Come on girl - you can do it! :lol:


----------



## Jumperforjoy

Awe haha just found this thread, silly mare she really is trying for the record 

Hope to see. Bouncing baby SOON :lol:


----------



## TrueColours

STILL nothing?! :shock:


----------



## New_image

No baby.


----------



## Kayella

Holy Horse Hooters! Jeez she's got a rack. :lol:


----------



## CLaPorte432

I don't think she's pregnant. I think you over-feed. ;-)


----------



## Piaffe

Oh goodness Jinx! 

What day is she on? Over 370 right?


----------



## palominolover

Wowza. She looks ready to burst. What is she waiting for?:shock: On a happier note, she is a STUNNING, STUNNING mare, and that stallion is just gorgeous. I'm really looking forward to this foal.


----------



## New_image

375.... 

I think shes hoping to set a record. Let me correct that statement. I think she _was _hoping to set a record, she is beginning to be very un-comfortable. Poor girl, I think shes over it and on our side now. Baby, however, clearly hasn't gotten the memo.


----------



## HeatherGavitt

I wanna see a baby! Come on mama!


----------



## MissKriss

Gorgeous momma you've got there!! I cant wait to see this baby 

Congrats by the way!!
_Posted via Mobile Device_


----------



## frizzy

She beautiful, Hope the foalie comes soon


----------



## arrowsaway

How did you register your mare? A friend and I were debating, she says the jockey club won't accept sabino and I looked it up, she's right. Just curious! Sorry if it's already been stated.

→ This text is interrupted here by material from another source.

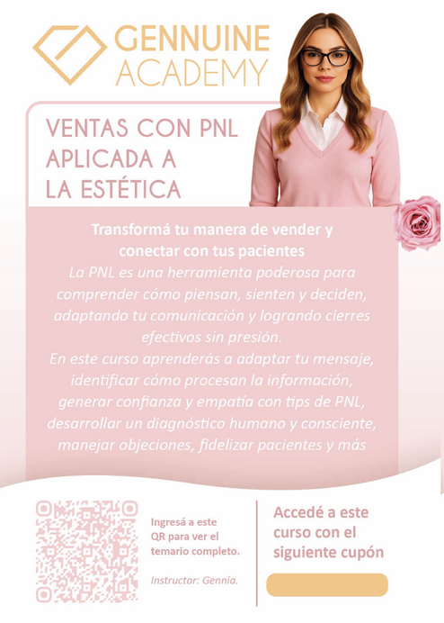 Este curso fue diseñado especialmente para profesionales de la estética y la salud que quieren vender con más confianza, sin forzar, usando herramientas prácticas de la Programación Neurolingüística (PNL).

She's beautiful nonetheless, and I can't wait to see what promises to be a lovely foal!


----------



## CLaPorte432

The JC does accept colored horses.


----------



## Asama

Beautiful mare! Cannot wait to see what she's cooking in there. must be something right special if it's taking so long!


----------



## Joie

arrowsaway said:


> How did you register your mare? A friend and I were debating, she says the jockey club won't accept sabino and I looked it up, she's right. Just curious! Sorry if it's already been stated.
> 
> She's beautiful nonetheless, and I can't wait to see what promises to be a lovely foal!

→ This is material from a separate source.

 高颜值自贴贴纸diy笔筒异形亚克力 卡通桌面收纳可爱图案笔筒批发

That is incorrect. Where did you look that up?


----------



## arrowsaway

https://www.registry.jockeyclub.com/registry.cfm?page=dotRegistryIdentifyThoroughbred

It doesn't say sabino is accepted anywhere.
I'm simply asking for clarification.


----------



## texasgal

arrowsaway .. they might not recognize the color as "sabino" .. but they register the horse. She is probably registered as "base color" with x-face and/or leg markings...

Hope that helps.


----------



## Joie

^^^ Exactly. "Sabino" isn't a color. In fact, I believe that Jinx would be considered dominant white? Have to ask the experts. The white markings are listed as exactly that, white markings.


----------



## CLaPorte432

She's sabino. Not dominant white.
_Posted via Mobile Device_


----------



## Kayella

Some registries don't recognize patterns, but that doesn't mean they will not register them.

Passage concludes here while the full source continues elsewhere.